Financial Officers Code of Ethics

First Citizens BancShares, Inc.
Financial Officers Code of Ethics

As amended, restated and approved by the Board of Directors on January 28, 2014

Scope

As used in this Code, (i) the term "BancShares" refers to First Citizens BancShares, Inc.; (ii) the term "Company" refers collectively to BancShares and its subsidiaries; and (iii) the term "Financial Officers" refers collectively to BancShares’ Chief Executive Officer, BancShares’ Chief Financial Officer, and certain other senior financial officers within BancShares and/or its subsidiaries who have primary responsibility for the Company’s financial reporting and accounting functions.

For Financial Officers who are Company employees, this Code supplements the Financial Officers’ obligations under BancShares’ Code of Ethics. For Financial Officers who are both Company employees and Directors of BancShares, this Code supplements the Financial Officers’ obligations under both BancShares’ Code of Ethics and BancShares’ Directors Code of Ethics.

Responsibilities of Financial Officers

Along with all other employees of the Company, Financial Officers are expected to adhere to all standards of conduct adopted by the Company from time to time. However, unlike the Company’s other associates, Financial Officers have added responsibilities as a result of their primary roles in (i) maintaining the Company’s financial books and records, (ii) establishing and maintaining the Company’s disclosure controls and procedures, (iii) establishing and maintaining appropriate internal control over financial reporting, and (iv) preparing and reviewing the Company’s financial reports and other public disclosures. The Company has an obligation to provide full, fair, accurate, timely, and understandable reporting to its shareholders, its regulators, and the investing public. In fulfilling their duties and responsibilities in general, and in addition to their other obligations, Financial Officers shall strive to ensure that:

  • The Company’s financial books and records are appropriately maintained and that they accurately reflect the Company’s financial position, results of operations, and cash flows;
  • The Company establishes, maintains, and periodically evaluates appropriate disclosure controls and procedures to ensure proper internal control over financial reporting; and,
  • The Company makes full, fair, accurate, timely, and understandable disclosures in reports and documents that the Company files with the Securities and Exchange Commission ("SEC") and its banking regulators and in public communications regarding financial matters.

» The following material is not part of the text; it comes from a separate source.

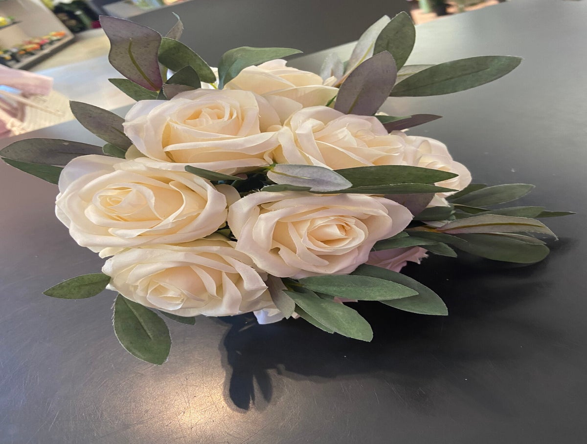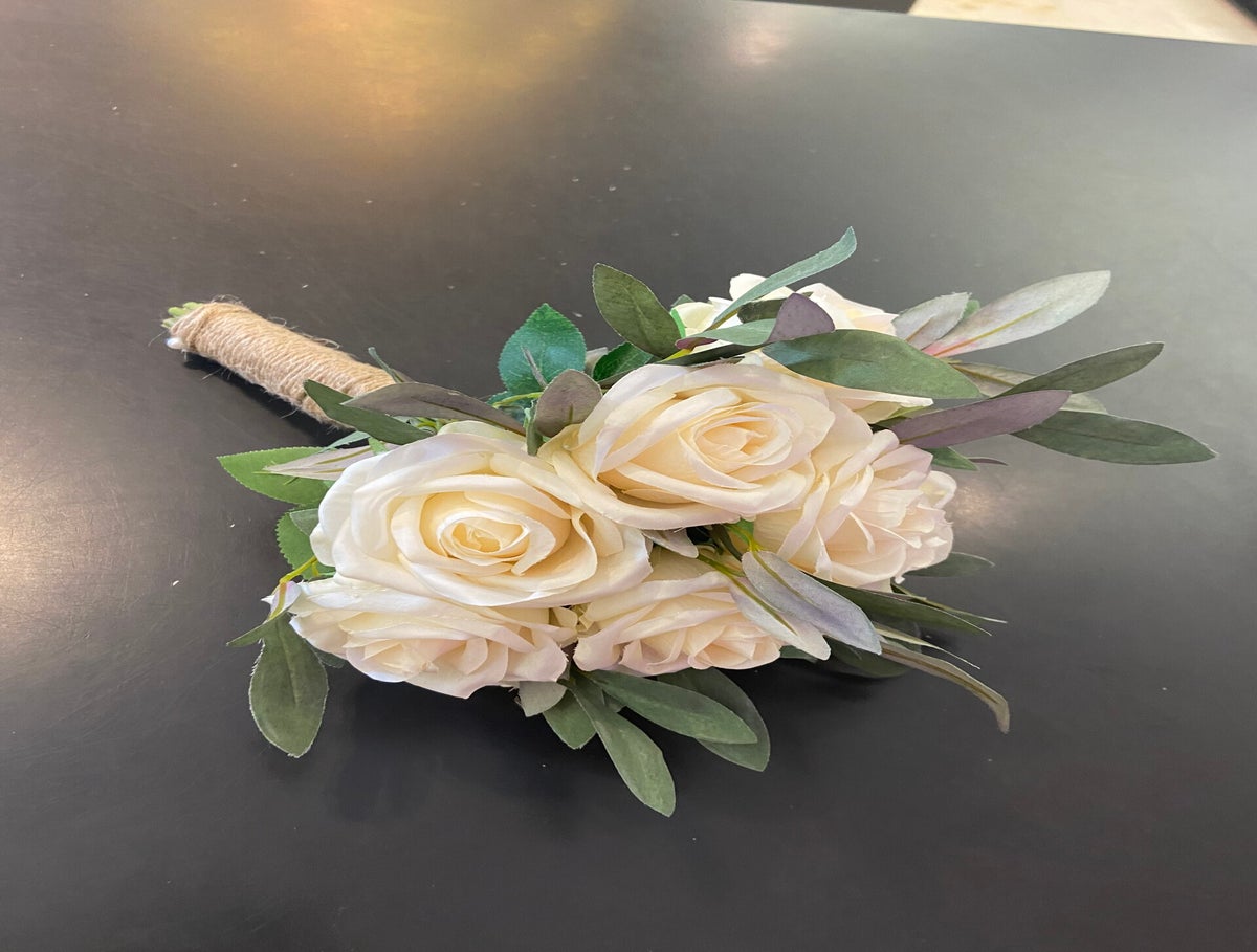 Boeketje met vanille rozen en olijftakken met touw gebonden.
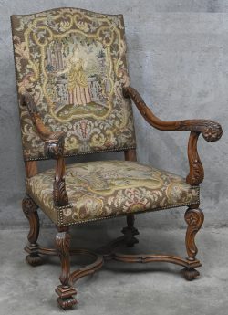 #256Een notenhouten armstoel met naaldwerk bekleed, met decor van een hofdame.

In carrying out these obligations, Financial Officers must:

  • Exercise honesty, integrity, and ethical behavior in gathering, compiling and reporting financial data and in discharging their duties in general;
  • Endeavor to ensure that the Company complies with all applicable governmental laws, rules, and regulations, including those relating to its accounting records, financial reports, and public disclosures;
  • Ethically resolve all actual or apparent conflicts of interest, and must act in good faith, with due care and diligence, and not allow their independent judgment to be inappropriately influenced;
  • Participate in periodic evaluations of the Company’s disclosure controls and procedures to ensure proper internal control over financial reporting, and promptly report to the Audit Committee of BancShares’ Board of Directors any observed or perceived significant deficiencies or material weaknesses in the Company’s internal control over financial reporting that are reasonably likely to affect adversely the Company’s ability to record, process, summarize and report financial information;
  • Promptly report to the Audit Committee any fraud, whether or not material, that involves management or other employees who have a significant role in the Company’s internal control over financial reporting;
  • Review all financial reports, filings and communications within their respective areas of responsibility for compliance with both the letter and principles of applicable requirements of law and regulations and of this Code;
  • Not directly or indirectly exert any pressure on, or coerce, mislead or manipulate, the Company’s independent auditors or the Board of Directors for the purpose of inappropriately influencing the Company’s financial statements, disclosures, or reporting; and
  • Promptly report to the Audit Committee any observed or perceived violation of this Code, any inaccurate financial reporting or public communications, or any questionable accounting or financial practices.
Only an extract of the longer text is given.